What is the concentration of Ag+ remaining in solution?
Calculate the following when 0.250 L of 0.249 M AgNO3 solution is mixed with 0.350 L of 0.300 M Na2CO3 solution.
Ksp for Ag2CO3 is 8.46E-12.
A) What mass of the precipitate forms?
I found out the answer: 8.59 g.
But I don't know how to solve B, I attempted it and got it wrong.
B) What is the concentration of Ag+ remaining in solution?
B.
Let x = solubility of Ag2CO3
Ag2CO3 ==> 2Ag^+ + CO3^2-
...x........2x.......x
Ksp = (Ag^+)^2(CO3^2-)
You know Ksp or can look it up. Calculate how much of the CO3^2- was used in part A and subtract from the initial amount CO3^2- in the problem. Substitute this into Ksp expression for CO3^2- and solve for x = Ag2CO3, then multiply that by 2 to find 2x = (Ag^+).
To solve part B) and find the concentration of Ag+ remaining in solution, we need to calculate the initial number of moles of Ag+ ions and determine how many moles of Ag+ ions have reacted to form Ag2CO3.
First, let's find the initial number of moles of Ag+ ions in the AgNO3 solution.
We have 0.250 L of 0.249 M AgNO3 solution.
Number of moles of Ag+ = concentration (M) x volume (L)
Number of moles of Ag+ = 0.249 M x 0.250 L
Next, let's determine the number of moles of Ag+ that react with Na2CO3 to form Ag2CO3.
From the reaction equation, we know that the molar ratio between Ag+ and Ag2CO3 is 2:1.
So, the number of moles of Ag+ ions that react = (1/2) x number of moles of Ag+ ions.
Now, let's calculate the number of moles of Ag+ ions that react:
Number of moles of Ag+ ions that react = (1/2) x number of moles of Ag+ ions
Finally, to find the concentration of Ag+ ions remaining in the solution, we need to subtract the number of moles of Ag+ ions that react from the initial number of moles of Ag+ ions.
Concentration of Ag+ remaining = (number of moles of Ag+ ions - number of moles of Ag+ ions that react) / total volume of solution
Substituting the values, we can now solve for the concentration of Ag+ remaining in solution.
To find the concentration of Ag+ remaining in solution, we need to determine the amount of Ag+ that reacts with the Na2CO3 solution, and then calculate the remaining concentration.
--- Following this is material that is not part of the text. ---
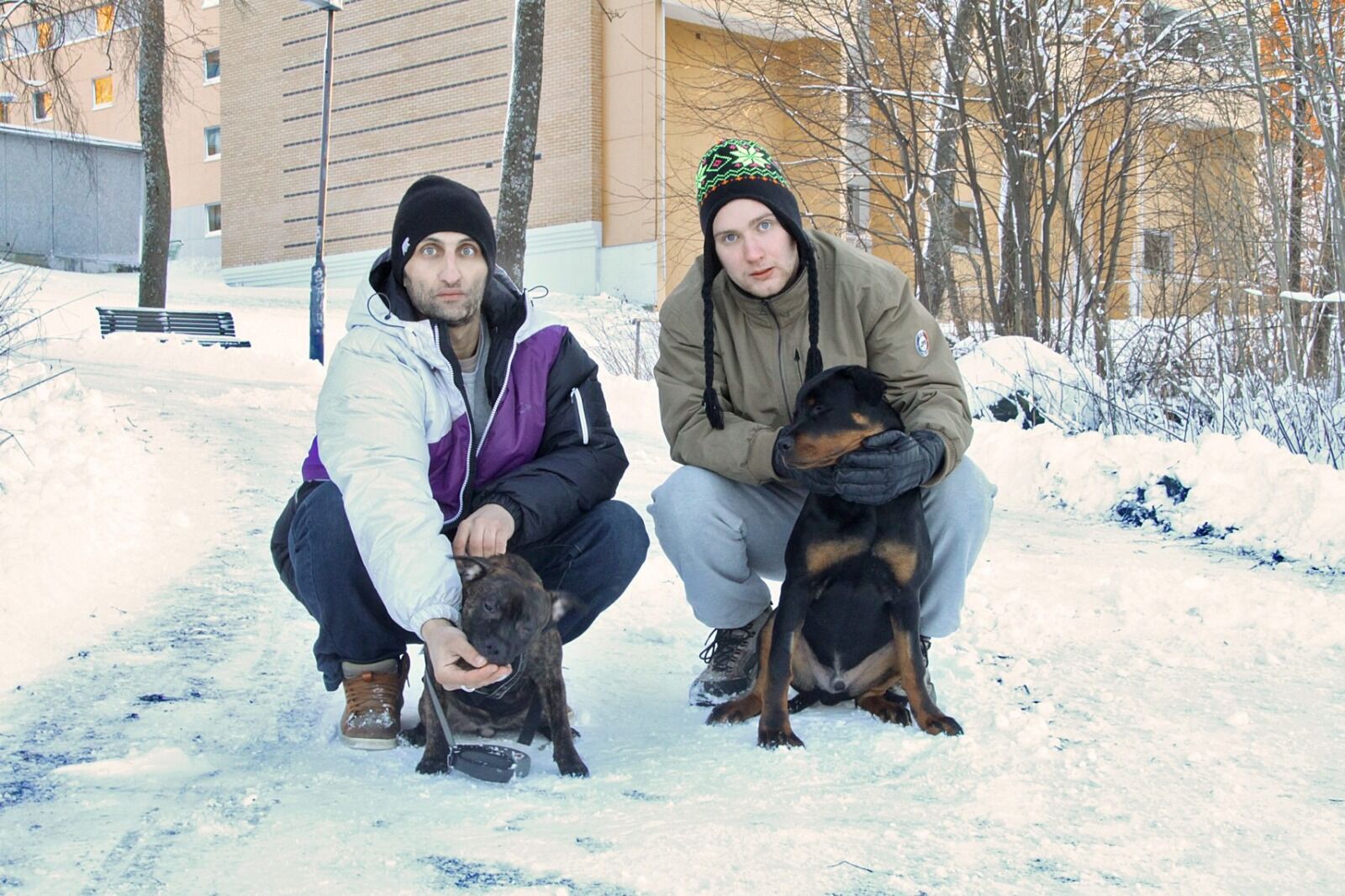 Deler Amiri og Alex Gorski fra Trosterud er nær ved å bli påkjørt hver dag når de er ute og lufter hundene sine. Nå frykter de en ulykke dersom ikke politiet eller kommunen løser problemet på gangveien.

Here's how you can solve it:
1. Write the balanced chemical equation for the reaction between AgNO3 and Na2CO3:
AgNO3 + Na2CO3 → Ag2CO3 + 2NaNO3
2. Calculate the moles of AgNO3 and Na2CO3 using the given volumes and molarities:
Moles of AgNO3 = volume (L) × molarity (M) = 0.250 L × 0.249 M
Moles of Na2CO3 = volume (L) × molarity (M) = 0.350 L × 0.300 M
3. Determine the limiting reagent by comparing the moles of AgNO3 and Na2CO3. The reactant that produces fewer moles of Ag2CO3 is the limiting reagent.
4. Use stoichiometry to calculate the moles of Ag2CO3 formed. The mole ratio between AgNO3 and Ag2CO3 is 1:1.
5. Calculate the mass of Ag2CO3 precipitate formed by multiplying the moles of Ag2CO3 by its molar mass. This is the answer you found for part A (8.59 g).
Now, to solve part B:
6. Calculate the initial moles of Ag+ ions present in the AgNO3 solution by multiplying the moles of AgNO3 (from step 2) by the mole ratio between Ag+ and AgNO3, which is also 1:1.
7. Calculate the moles of Ag+ ions that reacted with the Na2CO3 solution by multiplying the moles of Ag2CO3 formed (from step 4) by the mole ratio between Ag+ and Ag2CO3, which is 2:1.
8. Calculate the remaining moles of Ag+ ions by subtracting the moles of Ag+ that reacted (from step 7) from the initial moles of Ag+ (from step 6).
9. Finally, calculate the concentration of Ag+ remaining in solution by dividing the moles of Ag+ remaining by the total volume of the solution.
Note: Make sure to pay attention to significant figures and unit conversions throughout the calculations.
By following these steps, you should be able to find the correct answer for part B.